▸ **DATA**
□ □ □ □

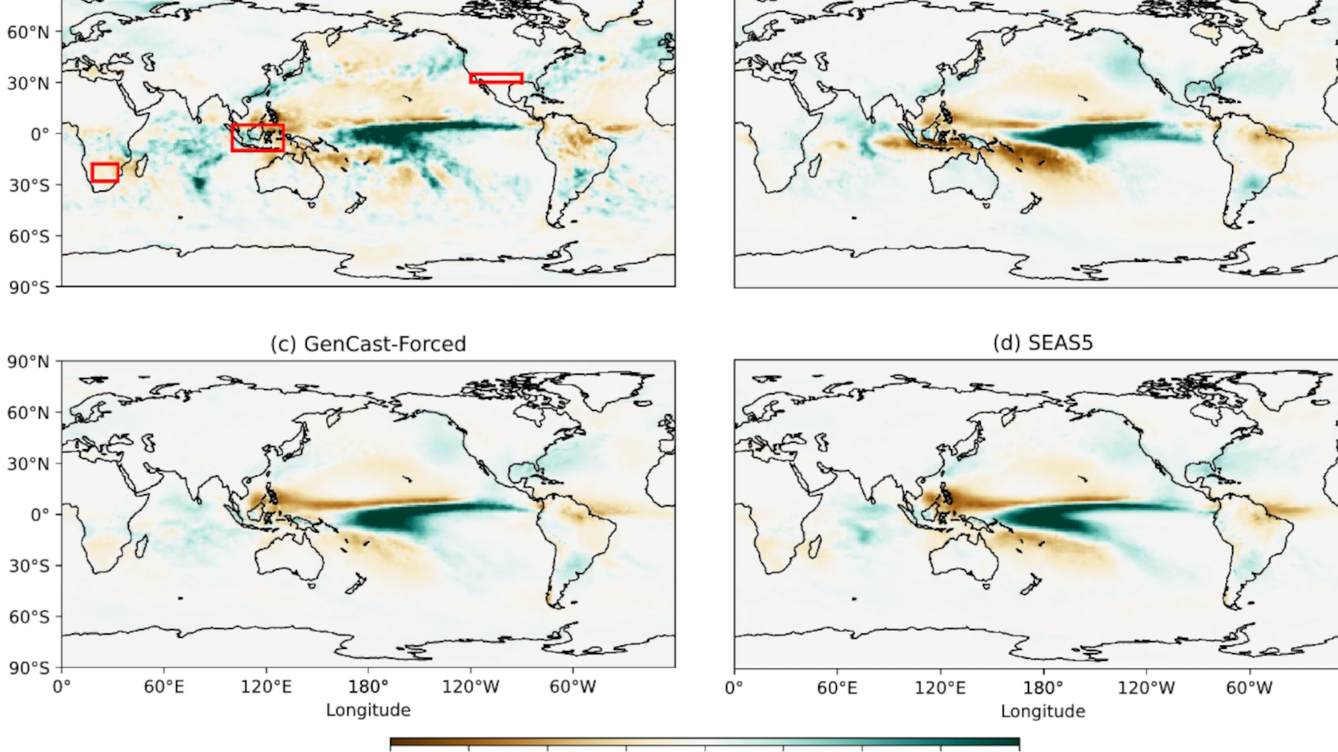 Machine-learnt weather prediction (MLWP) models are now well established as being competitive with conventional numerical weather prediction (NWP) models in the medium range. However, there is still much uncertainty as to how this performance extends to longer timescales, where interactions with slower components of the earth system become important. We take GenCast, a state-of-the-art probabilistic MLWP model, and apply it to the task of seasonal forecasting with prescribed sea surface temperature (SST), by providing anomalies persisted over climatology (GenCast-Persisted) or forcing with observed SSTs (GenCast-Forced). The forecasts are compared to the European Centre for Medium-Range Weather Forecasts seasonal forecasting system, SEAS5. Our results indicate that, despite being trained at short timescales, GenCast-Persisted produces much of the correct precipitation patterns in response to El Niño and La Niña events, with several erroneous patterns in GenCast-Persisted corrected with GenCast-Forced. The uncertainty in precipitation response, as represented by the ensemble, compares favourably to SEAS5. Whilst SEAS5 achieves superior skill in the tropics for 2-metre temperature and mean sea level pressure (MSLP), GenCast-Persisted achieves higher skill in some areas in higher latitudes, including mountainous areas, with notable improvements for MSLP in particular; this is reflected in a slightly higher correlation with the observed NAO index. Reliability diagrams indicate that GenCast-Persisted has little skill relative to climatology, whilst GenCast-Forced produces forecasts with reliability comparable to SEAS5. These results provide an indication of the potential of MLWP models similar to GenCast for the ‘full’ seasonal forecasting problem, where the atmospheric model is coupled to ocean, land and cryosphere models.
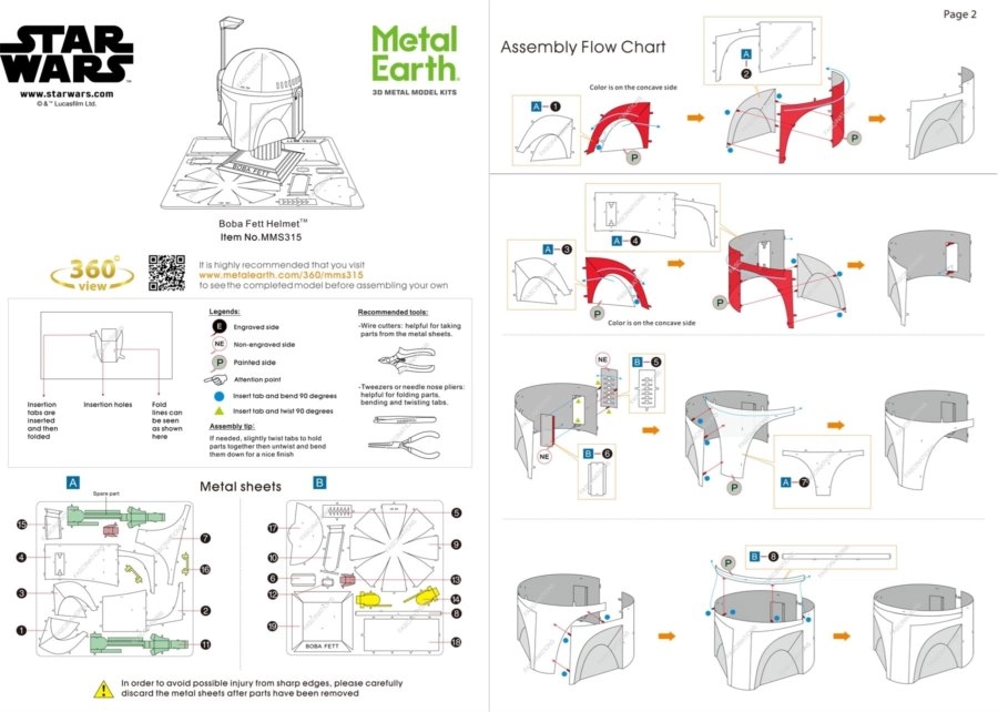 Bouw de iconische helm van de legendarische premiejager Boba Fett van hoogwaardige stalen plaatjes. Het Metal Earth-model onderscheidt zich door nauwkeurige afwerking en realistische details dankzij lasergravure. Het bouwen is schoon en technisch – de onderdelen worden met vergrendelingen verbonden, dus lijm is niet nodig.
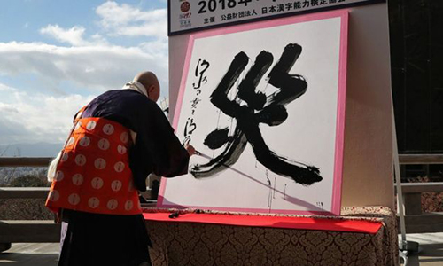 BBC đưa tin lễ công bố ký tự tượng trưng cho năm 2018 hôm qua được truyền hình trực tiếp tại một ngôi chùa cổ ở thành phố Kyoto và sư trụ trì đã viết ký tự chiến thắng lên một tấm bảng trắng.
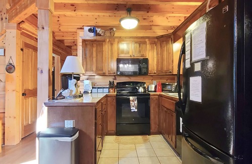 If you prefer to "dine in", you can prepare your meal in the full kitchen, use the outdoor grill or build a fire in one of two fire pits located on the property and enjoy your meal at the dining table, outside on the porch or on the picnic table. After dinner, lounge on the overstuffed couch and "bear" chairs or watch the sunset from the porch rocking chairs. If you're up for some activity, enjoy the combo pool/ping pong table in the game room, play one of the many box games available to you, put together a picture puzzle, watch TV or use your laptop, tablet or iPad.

□ □ □ □

▸ **EXERCISE**
Copy out every line of the material above precisely, omitting the pictures.

▸ **EXPECTED ANSWER**
 Machine-learnt weather prediction (MLWP) models are now well established as being competitive with conventional numerical weather prediction (NWP) models in the medium range. However, there is still much uncertainty as to how this performance extends to longer timescales, where interactions with slower components of the earth system become important. We take GenCast, a state-of-the-art probabilistic MLWP model, and apply it to the task of seasonal forecasting with prescribed sea surface temperature (SST), by providing anomalies persisted over climatology (GenCast-Persisted) or forcing with observed SSTs (GenCast-Forced). The forecasts are compared to the European Centre for Medium-Range Weather Forecasts seasonal forecasting system, SEAS5. Our results indicate that, despite being trained at short timescales, GenCast-Persisted produces much of the correct precipitation patterns in response to El Niño and La Niña events, with several erroneous patterns in GenCast-Persisted corrected with GenCast-Forced. The uncertainty in precipitation response, as represented by the ensemble, compares favourably to SEAS5. Whilst SEAS5 achieves superior skill in the tropics for 2-metre temperature and mean sea level pressure (MSLP), GenCast-Persisted achieves higher skill in some areas in higher latitudes, including mountainous areas, with notable improvements for MSLP in particular; this is reflected in a slightly higher correlation with the observed NAO index. Reliability diagrams indicate that GenCast-Persisted has little skill relative to climatology, whilst GenCast-Forced produces forecasts with reliability comparable to SEAS5. These results provide an indication of the potential of MLWP models similar to GenCast for the ‘full’ seasonal forecasting problem, where the atmospheric model is coupled to ocean, land and cryosphere models.
 Bouw de iconische helm van de legendarische premiejager Boba Fett van hoogwaardige stalen plaatjes. Het Metal Earth-model onderscheidt zich door nauwkeurige afwerking en realistische details dankzij lasergravure. Het bouwen is schoon en technisch – de onderdelen worden met vergrendelingen verbonden, dus lijm is niet nodig.
 BBC đưa tin lễ công bố ký tự tượng trưng cho năm 2018 hôm qua được truyền hình trực tiếp tại một ngôi chùa cổ ở thành phố Kyoto và sư trụ trì đã viết ký tự chiến thắng lên một tấm bảng trắng.
 If you prefer to "dine in", you can prepare your meal in the full kitchen, use the outdoor grill or build a fire in one of two fire pits located on the property and enjoy your meal at the dining table, outside on the porch or on the picnic table. After dinner, lounge on the overstuffed couch and "bear" chairs or watch the sunset from the porch rocking chairs. If you're up for some activity, enjoy the combo pool/ping pong table in the game room, play one of the many box games available to you, put together a picture puzzle, watch TV or use your laptop, tablet or iPad.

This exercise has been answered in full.